Yurikochan wrote:Yuri Iwamoto wrote:actually, I was too obsessed with not having too many detectives in the game so that town wouldn't be too powerful to think about that. And yes, I should have done that differently. I realised that day one. But things happened like they happened. I realise the mistakes I made and learned from them, too.
The point is that people had a fun time playing, I think that's important, yk?
I can list tons of things I should have done differently. I was also too obsessed with making things work for this round and having more players to think other things through properly, because most people aren't online anymore, so yes, that was stupid, I admit that, but I don't see how that has to do with changing the rules. What would we have to alter, exactly, Yuriko? Not adding more than one couple to a game when it's too small? Most people don't even know you can do that while the rules state it's possible.
And frankly, Lyndsi not getting my message saved this round, since it added more equality to the game with Conia having a solid ally that helped him take out two townies.
Also, yes, I should have added another BO member, Lyndsi and I should have made more time for this and I should have waited with sending roles till she could have balanced it out, but we didn't and frankly I don't see why we are going to worry about that more than we should now.
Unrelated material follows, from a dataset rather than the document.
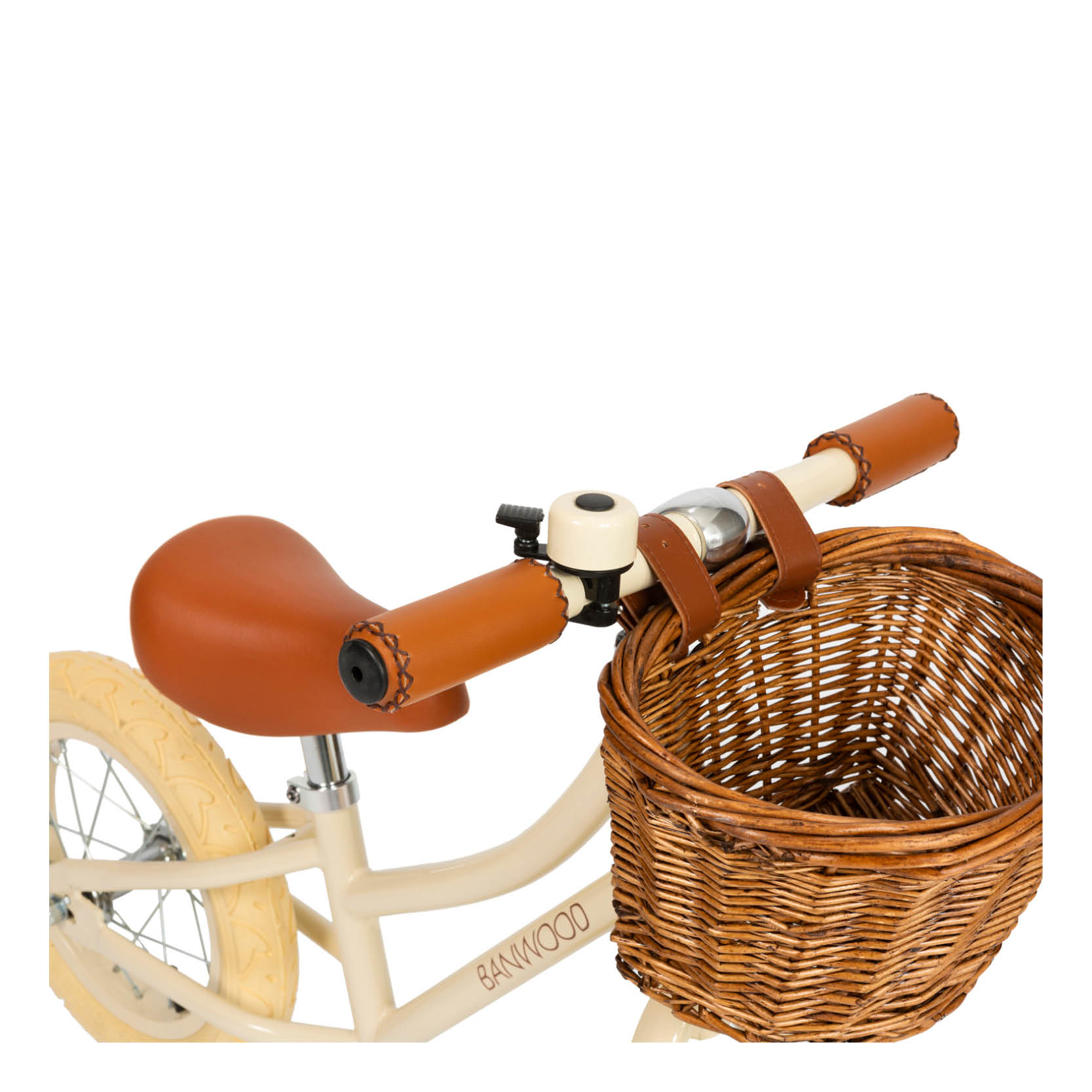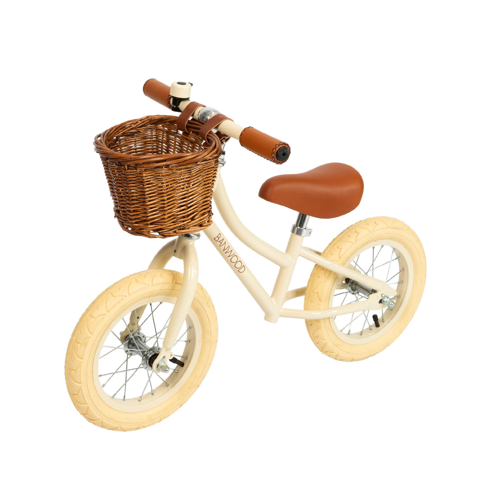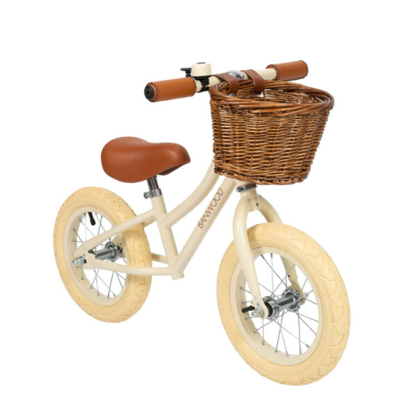 De cream kleur geeft deze loopfiets een zachte, tijdloze uitstraling.

I know that next time I should do things differently and not be afraid I have an overpowered town or BO side (which I was seriously afraid of doing, my bad I reversed it by fearing that).
Anyway, even if I made mistakes people had a blast, I'm glad for that, and the BO still took out many people. Isn't that the point, having fun?
I need to stop discussing or trying to defend myself before I start to take this personally, sheesh...
Anyway, lesson learned, shaking hands on it?
It is the point, yes, and when you do GM again, I'm really hoping you try to fix your mistakes and I may be a bit biased, whether Conia was on the BO or not, I'd still look into everything going on due to the last game when it truly did feel like you didn't want your BO team to win. ( I've written this five times now and kept deleting it earlier. ) but it didn't feel like it fit, but I don't want to attack you for it. I just wanted to make sure that's not the reason the balancing was this game. It was good on the parts of all and it would have been a fun round if I gotten to play. But no, it's nothing personal, but please do your best, also you do know when they protect correctly with Ran's protect they should get injured and the BO member gets outted in the process. ( which is why I do believe it's a pretty big deal with the protects )
I honestly promise it wasn't my intention.
I will fix my mistakes, last time I might not have realised I made them, but this time I did, and I'm going to work on it if there will ever be a chance I get to GM again, which I doubt... Considering how hard it was to gather people...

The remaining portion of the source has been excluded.